Package org.apache.jackrabbit.oak.spi.security.authentication.external.basic

Class DefaultSyncConfig.User

java.lang.Object
org.apache.jackrabbit.oak.spi.security.authentication.external.basic.DefaultSyncConfig.Authorizable
org.apache.jackrabbit.oak.spi.security.authentication.external.basic.DefaultSyncConfig.User
Enclosing class:
DefaultSyncConfig
public static class DefaultSyncConfig.User extends DefaultSyncConfig.Authorizable
User specific config.

  • Constructor Details

    • User

      public User()

  • Method Details

    • getMembershipExpirationTime

      public long getMembershipExpirationTime()
      Returns the duration in milliseconds until the group membership of a user is expired. If the membership information is expired it is re-synced according to the maximum nesting depth. Note that the membership is the groups an authorizable is member of, not the list of members of a group. Also note, that the group membership expiration time can be higher than the user expiration time itself and that value has no effect when syncing individual groups only when syncing a users membership ancestry.
      Returns:
      the expiration time in milliseconds.

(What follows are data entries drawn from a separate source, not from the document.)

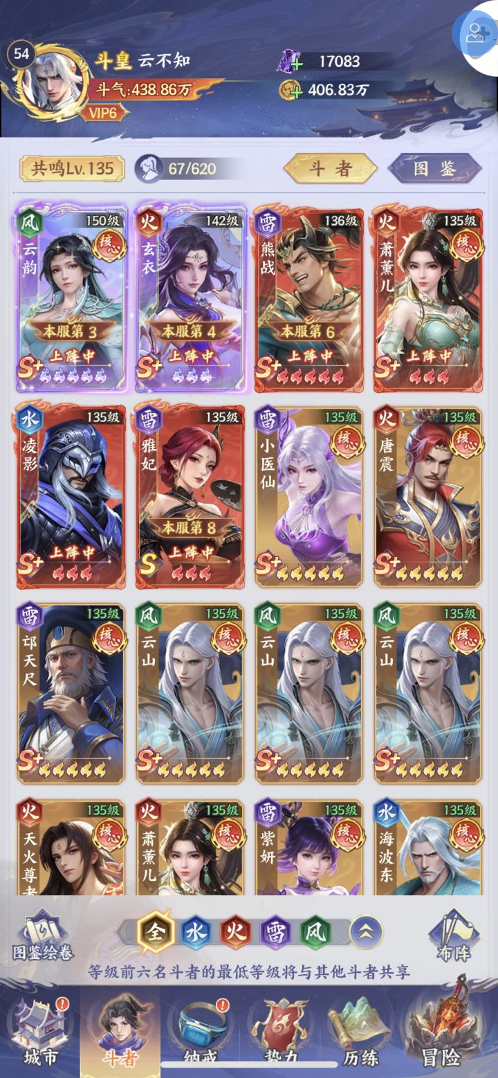 今天开服第7天,做个收关。我是开服第五天,600多抽才抽到第一张核心S+输出-云韵,所以前面没出很正常,等出第一张S+核心再定阵容。我这边是云韵主C+玄空子+古清阳+唐震+雅菲+冰尊者之前测试同为10星(红5),玄空子在有唐震灼烧的前提下只能打云韵伤害的一半,真是离谱!我玄空子出太多了就升起来链接传说消炎,雅菲等小医仙凑够本体当狗粮,唐震换紫研/青麟/玄衣或其他的辅助卡,看谁星高。看一下
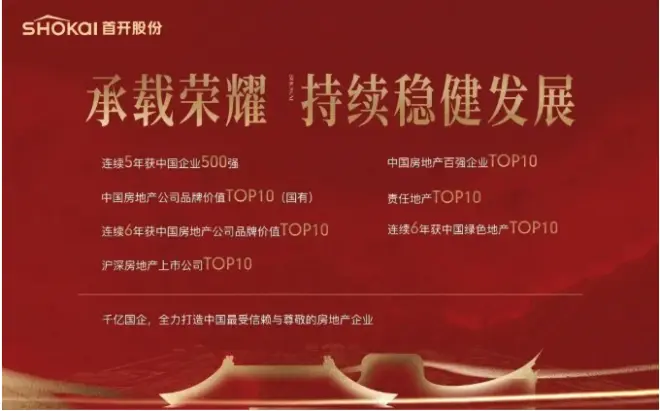 首开股份连续入围财富中国 500 强企业,沪深房地产上市公司TOP10,责任地产TOP10,企业品牌价值 TOP10、连续 6 年获中国房地产公司品牌价值TOP10。连续 5 年获中国企业 500 强、连续 6 年获中国绿色地产 TOP10等殊荣。
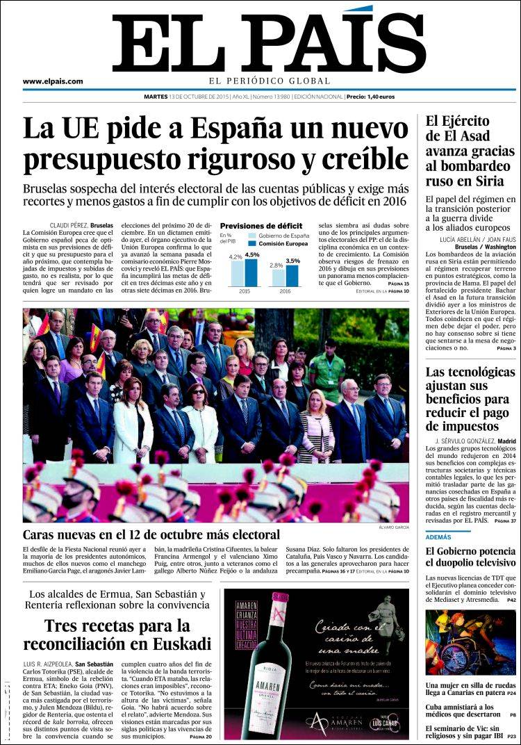 EL PAÍS: "La UE pide a España un nuevo presupuesto riguroso y creíble"; "El Ejército de El Asad avanza gracias al bombardeo ruso en Siria"; "Las tecnologías ajustas sus beneficios para reducir el pago de impuestos"; "Caras nuevas en el 12 de octubre más electoral"; "El Gobierno potencia el duopolio televisivo"; "Tres recetas para la reconciliación en Euskadi"; "Una mujer en silla de ruedas llega a Canarias en patera"; "Cuba amnistiará a los médicos que desertaron"; "El seminario de Vic: sin religiosos y sin pagar IBI".

    • setMembershipExpirationTime

      @NotNull public @NotNull DefaultSyncConfig.User setMembershipExpirationTime(long membershipExpirationTime)
      Sets the membership expiration time
      Parameters:
      membershipExpirationTime - the time in milliseconds.
      Returns:
      this
      See Also:

    • getMembershipNestingDepth

      public long getMembershipNestingDepth()
      Returns the maximum depth of group nesting when membership relations are synced. A value of 0 effectively disables group membership lookup. A value of 1 only adds the direct groups of a user. This value has no effect when syncing individual groups only when syncing a users membership ancestry.
      Returns:
      the group nesting depth

    • setMembershipNestingDepth

      @NotNull public @NotNull DefaultSyncConfig.User setMembershipNestingDepth(long membershipNestingDepth)
      Sets the group nesting depth.
      Parameters:
      membershipNestingDepth - the depth.
      Returns:
      this
      See Also:

    • getDynamicMembership

      public boolean getDynamicMembership()
      Returns true if a dynamic group membership is enabled. Turning this option on may alter the behavior of other configuration options dealing with synchronization of group accounts and group membership. In particular it's an implementation detail if external groups may no longer be synchronized into the repository.
      Returns:
      true if dynamic group membership for external user identities is turn on; false otherwise.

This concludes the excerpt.